By BRENT MARTIN
St. Joseph Post
United States Sen. Roy Blunt insists a police reform bill which has failed to advance in the Senate isn’t dead.
“The Scott bill doesn’t have to be dead,” Blunt tells reporters during a conference call.
Blunt, a Republican, co-sponsored the police reform measure sponsored by Sen. Tim Scott, a Republican from South Carolina.
It received a majority vote in the US Senate, 55-to-45, but it failed to reach the 60-vote threshold needed to move forward in the Senate.
Blunt points out the top Republican in the Senate made a parliamentary move so the bill could be reconsidered if sentiment toward it change.
“I think the Scott bill was an example of the problem that the country absolutely wants to solve, understands in deeper ways than we have before, and is supportive of the government taking action,” according to Blunt.
Congress is working to address concerns which arose in wake of the death of George Floyd, a black man, at the hands of a white Minneapolis police officer.
Blunt wants the Senate to take the measure up again, pass it, and then go into negotiations with the House.
The House approved its measure Thursday 236-to-181.
Blunt says there’s no reason for Senate Democrats to block the Republican measure. He says they can work with Republicans to amend the bill.
“We still could go back to our own product, our own Senate bill, put together I think very effectively and explained very effectively by Sen. Scott from South Carolina and amend that bill as you would need to if we really want to legislate.”
House Democrats want to ban police use of chokeholds while Senate Republicans prefer offering incentives to end the practice. Democrats have proposed banning no-knock drug warrants and, more problematic, stripping qualified immunity from police officers, which would open officers up to civil lawsuits. Republicans say they won’t vote to end qualified immunity.

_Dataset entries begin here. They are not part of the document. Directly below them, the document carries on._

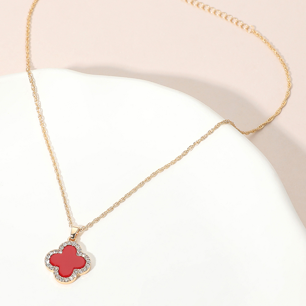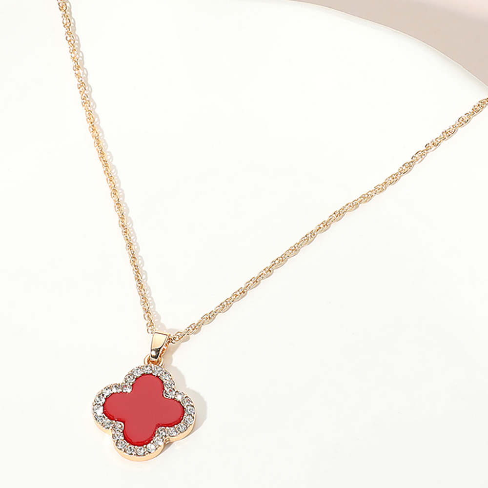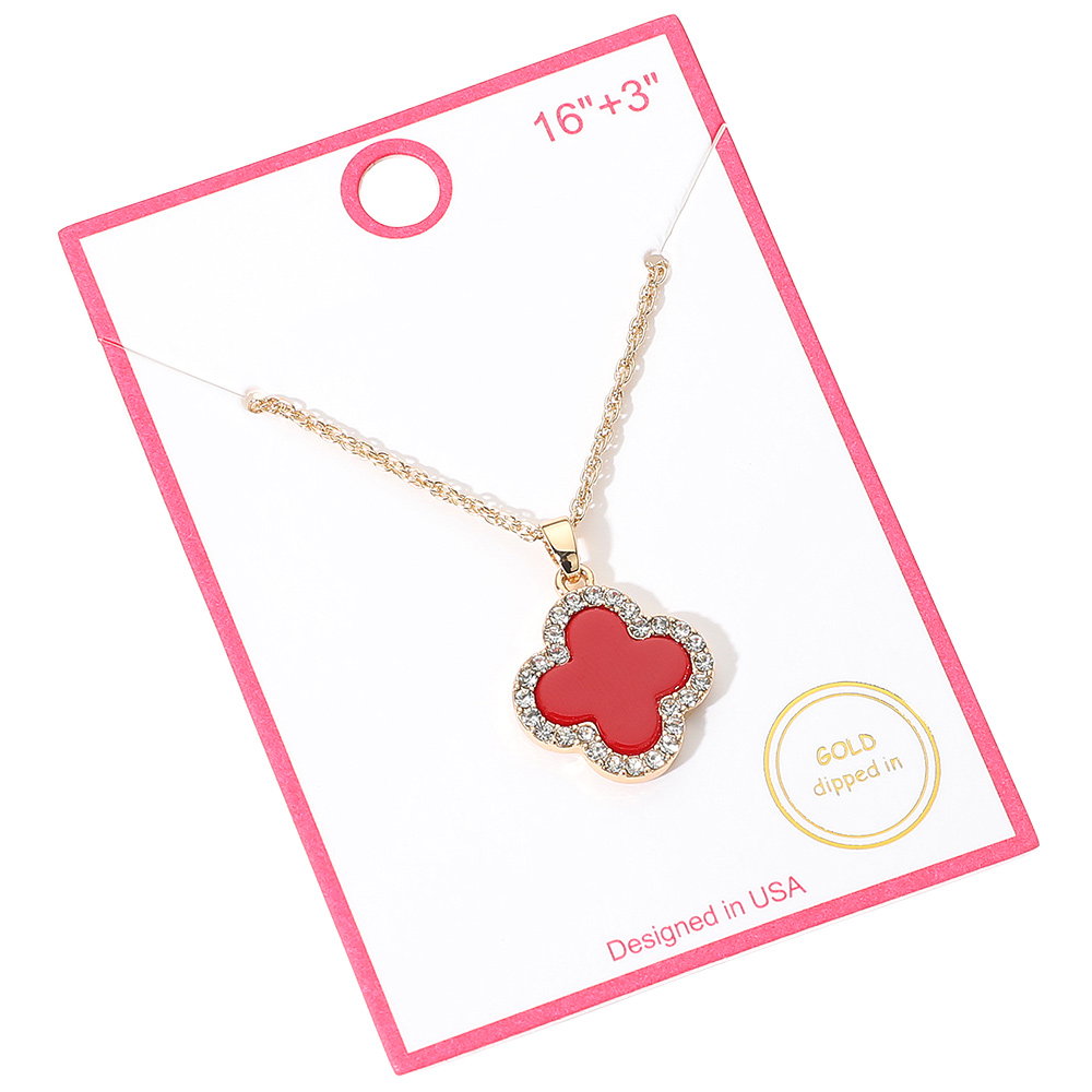 Details • Necklace Size : 16" + 3" L • Pendant Size: 0.75" X 1" • This radiant quatrefoil outline pendant necklace features a hollow design surrounded by shimmering stones for a touch of elegance. Its delicate chain and timeless silhouette create a versatile accessory that complements both everyday wear and special occasions with effortless charm. • Gold Dipped • Lead and Nickel Compliant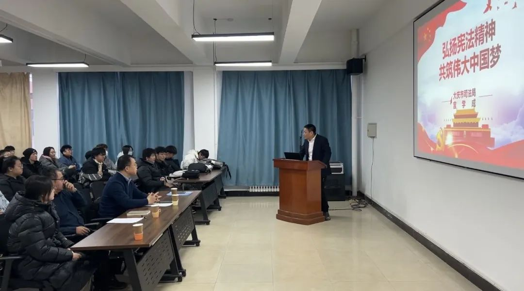在第十个国家宪法日来临之际,为弘扬宪法精神,推动宪法教育走进校园、走入课堂,在大学生群体中营造尊崇宪法、学习宪法、遵守宪法、维护宪法权威的良好氛围,大庆市司法局宫学成、宋雪峰、赵旭忠三名同志,于2023年11月29日到我院,与师生共同学习宪法知识、打卡国家宪法日。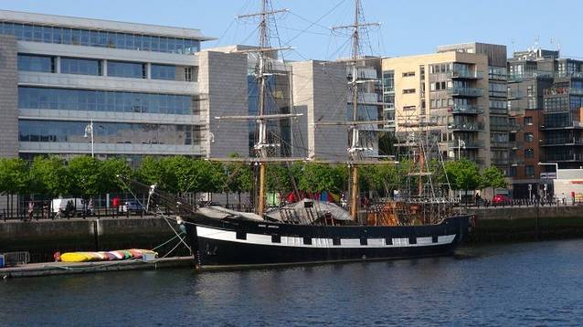 在竖琴桥不远处,利菲河的北岸的一个码头上,停泊着一艘叫做JEANIE JOHNSTON FAMINE SHIP 的船。这条船其实是爱尔兰大饥荒纪念馆。1845年爱尔兰爆发了一场持续五年的大饥荒,史称马铃薯饥荒,在这段时间内爱尔兰人口锐减四分之一,超过百万人移民前往美国...

Blunt questions whether Senate Democrats are really interested in resolving the issue.
“Our friends on the other side in an election year I think would rather have the issue than the solution,” Blunt says. “We could have proven that wasn’t true this week by beginning to work toward a solution rather than saying no, we’re just not going to take up the bill that the majority offers and the majority in the Senate should have the opportunity to offer the base bill. Certainly, that would be the case if the Democrats were in the majority in the Senate and they know it.”